Just look at this house. There used to be walls here. They once had photos on them. And in the photos there were those who once went through the hell of war. Fifty men who were sent to Germany for forced labor. Those who were burned alive when the Nazis burned more than 100 houses here.

250 soldiers who died on the fronts of World War II, and a total of almost 1000 residents of Borodyanka who fought and defeated Nazism. To ensure: never again. They fought for the future of children, for the life that was here until February 24.

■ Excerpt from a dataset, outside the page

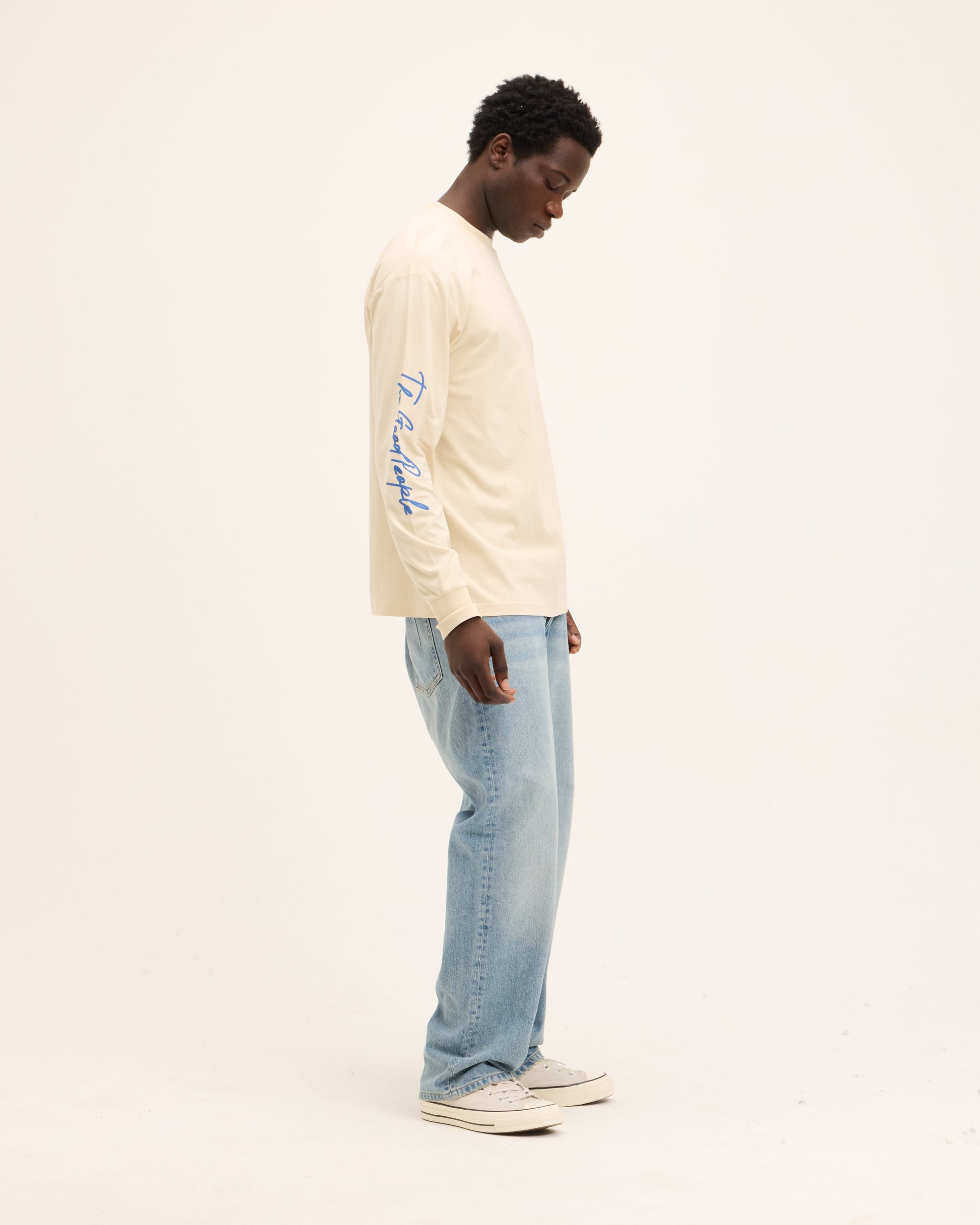 The Oliver Artwork Longsleeve features a subtle chest print and a handwritten artwork along the sleeve. The details are subtle and don't overpower the design. It is made from 100% Cotton.

Imagine people going to bed in each of these apartments. They wish good night to each other. Turn off the light. Hug their loved ones. Close their eyes. They dream of something. There is complete silence. They all fall asleep, not knowing that not everyone will wake up. They sleep soundly. They have a dream of something pleasant. But in a few hours they will be awakened by missile explosions. And someone will never wake up again. Never again.

The word "never" was dropped from this slogan. Amputated during the so-called special operation. They stabbed a knife in the heart and, looking into the eyes, said: "It's not us!" Tortured with the words "not everything is so unambiguous." Killed "Never again", saying: "We can repeat."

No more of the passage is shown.